🤖 AI Summary
This work proposes a novel Bayesian framework that explicitly incorporates linear equality constraints—encoding known physical laws—into variational Bayesian inference, thereby jointly optimizing physical consistency and uncertainty quantification. By integrating Bayesian neural networks with a constraint-embedding mechanism, the method enables unified uncertainty modeling over both model parameters and domain knowledge.

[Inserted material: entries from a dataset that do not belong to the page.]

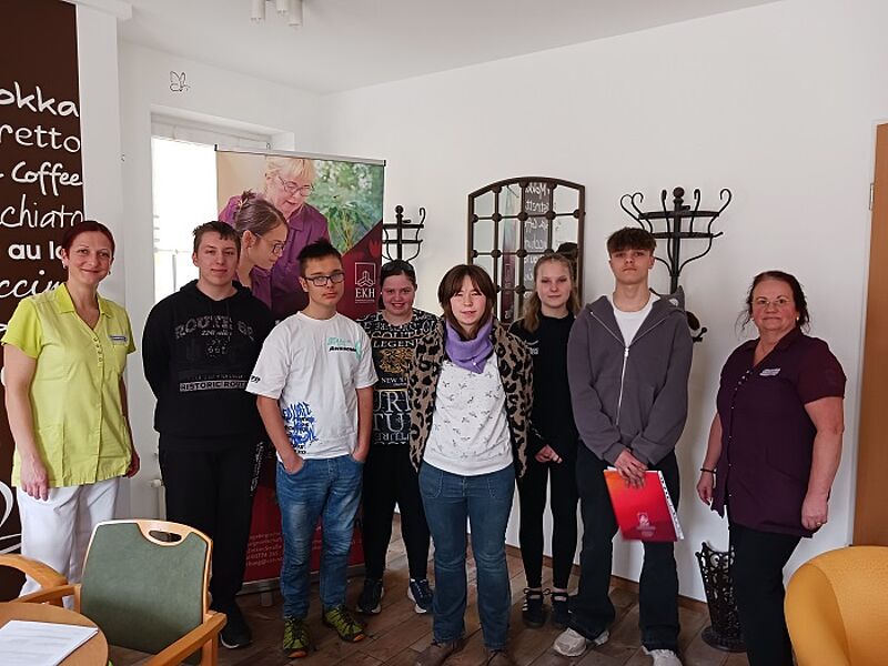 Schüler der Klasse 9 von der Oberschule "Katharina Peters" kamenvom 7. Februar bis 9. Februar 2017 in das EKH-Pflegeheim in Zwönitz, um einen Einblick in die Anforderungen und die Berufsbilder im Pflegealltag zu gewinnen.
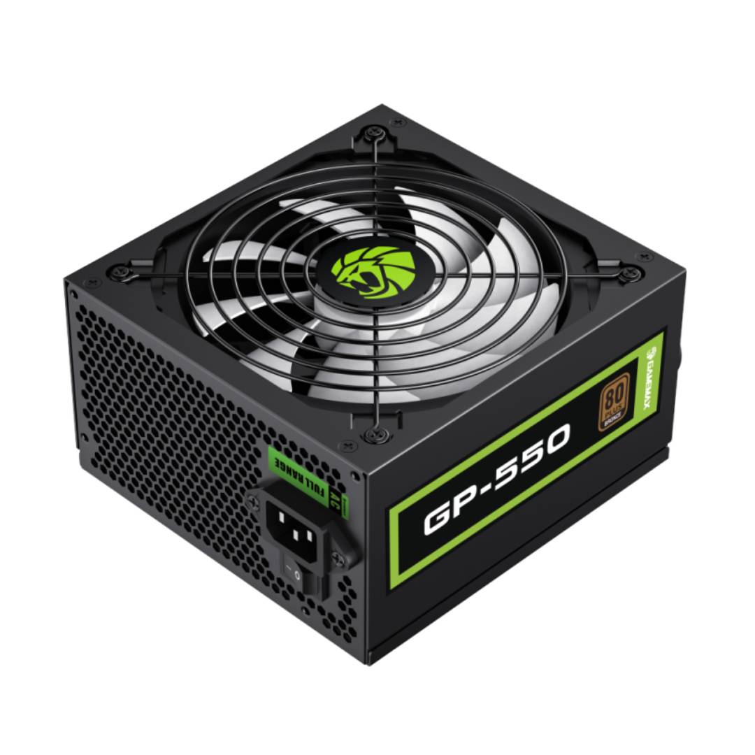 Fuente de Poder Gamemax GP550 80 Plus Bronze, chasis en acabado negro con cableado mallado full black
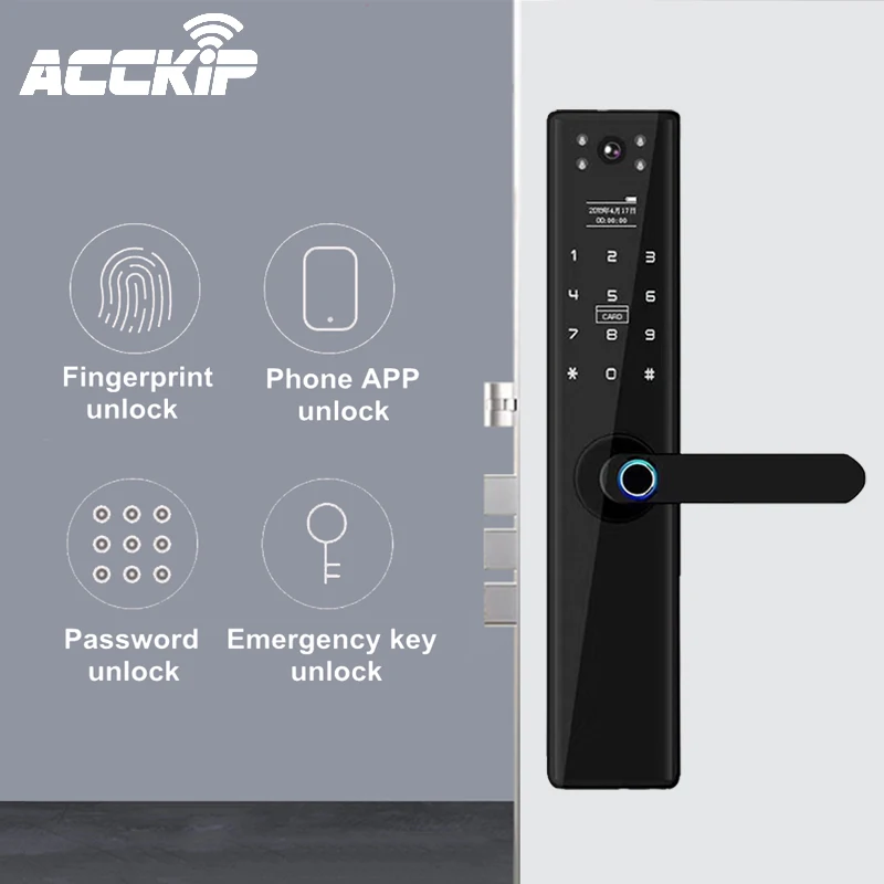 Home » hot product , nest price , smart electronic » New ACCKIP Wifi Electronic Door Lock With Remotely Biometric Fingerprint Smart Card Password Key Unlock
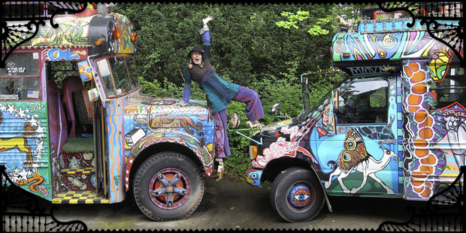 Welcome to my whimsical world of recycled sweaters, wacky art, tall tales, psychedelic school buses, and general creative mayhem. I hope you enjoy getting lost in my labyrinth of colors!
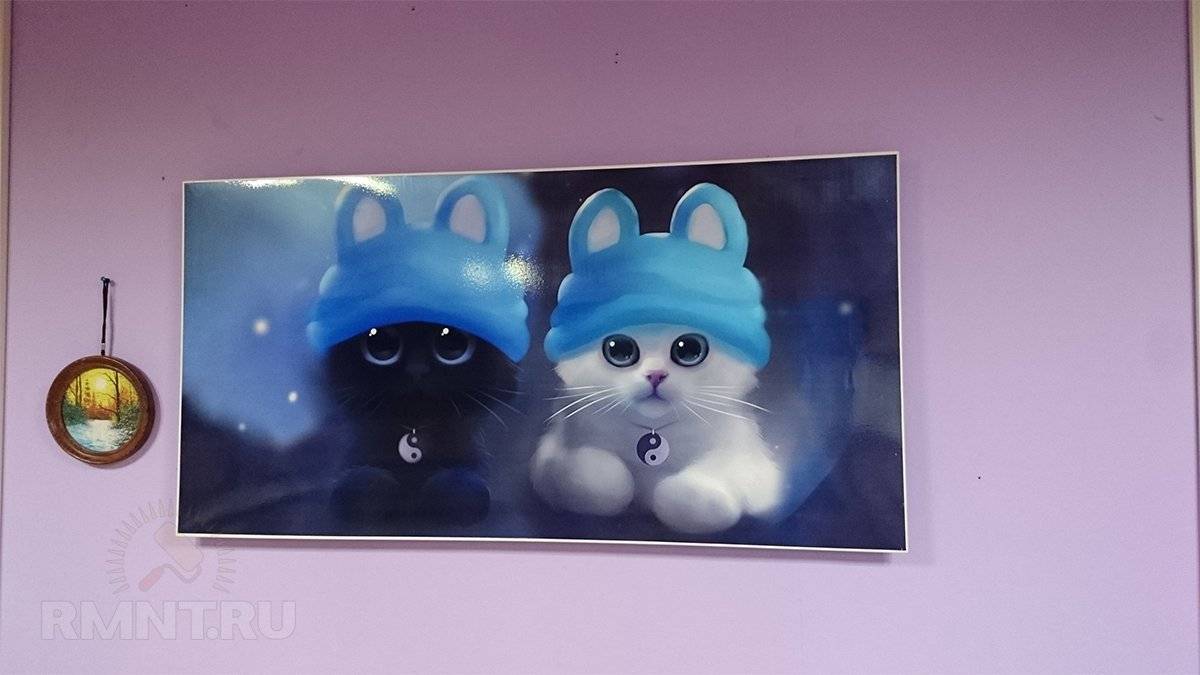 заранее уточнить, куда размещать панно — идеально использовать такой прибор с тематической картинкой для ванной комнаты или на кухне, а также в спальне рядом с кроватью — для прогрева зоны понадобится не менее часа;

Evaluated on a single-particle battery modeling task, the approach significantly narrows predictive credible intervals and drastically reduces violations of the prescribed linear constraints compared to standard variational Bayesian neural networks, demonstrating its effectiveness and practical utility in delivering reliable, physics-informed predictions with well-calibrated uncertainty estimates.
📝 Abstract
Machine Learning is becoming more prevalent in science and engineering, but many approaches do not provide meaningful uncertainty estimates and predictions may also violate known physical knowledge. We propose a Bayesian framework to embed linear relationships across inputs and outputs into the learning process, whilst characterizing full predictive uncertainty over both the model parameters and the domain knowledge. We evaluated our method on learning the single particle battery model subject to voltage and energy balances, showing its ability to provide reduced credible intervals and constraint violations compared to standard Bayesian neural networks based on variational inference.